As previously detailed (other manuscripts in the same issue), HPP is clinically very heterogeneous, with a continuum of severity ranging from a perinatal form detectable in utero and often lethal, to a dental form characterized by the absence of bone symptom. Severe forms (perinatal and infantile) are inherited as an autosomal recessive trait. In the milder forms, autosomal recessive and autosomal dominant inheritance coexist.

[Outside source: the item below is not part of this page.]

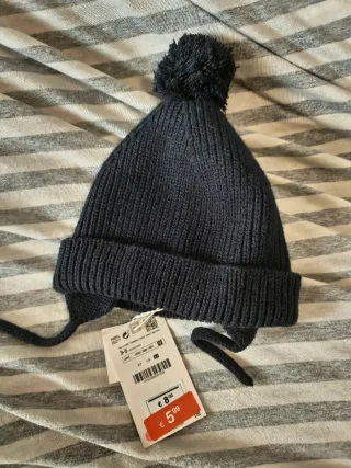 Gorro de punto azul para bebé o niño pequeño, con pompón en la parte superior y orejeras con cordones. - Talla: 3-5 años. - Color: Azul marino. - Material: Tejido de punto. - Cierre: Cordones.

Often, however, there are clinical signs in the heterozygote while these signs are not found in the parents, which may reflect incomplete penetrance [13, 28] or improvement of the condition from childhood to adulthood. In addition, the dominant forms of HPP could be more frequent than recessive forms but not exhaustively identified, given the mild clinical signs. In our experience, nearly half of cases of moderate forms of HPP are expressed at the heterozygous state [5], and more the clinical form is moderate more the inheritance is dominant. In some cases, there is intrafamilial phenotypic heterogeneity, for instance coexistence of childhood and infantile forms within the same family, making difficult genetic counseling. However, the coexistence of radically different clinical forms (for example perinatal and adult) has never been observed in patients with the same genotype. These observations, however, suggest the role of other genes (modifier genes), and perhaps environmental and epigenetic factors.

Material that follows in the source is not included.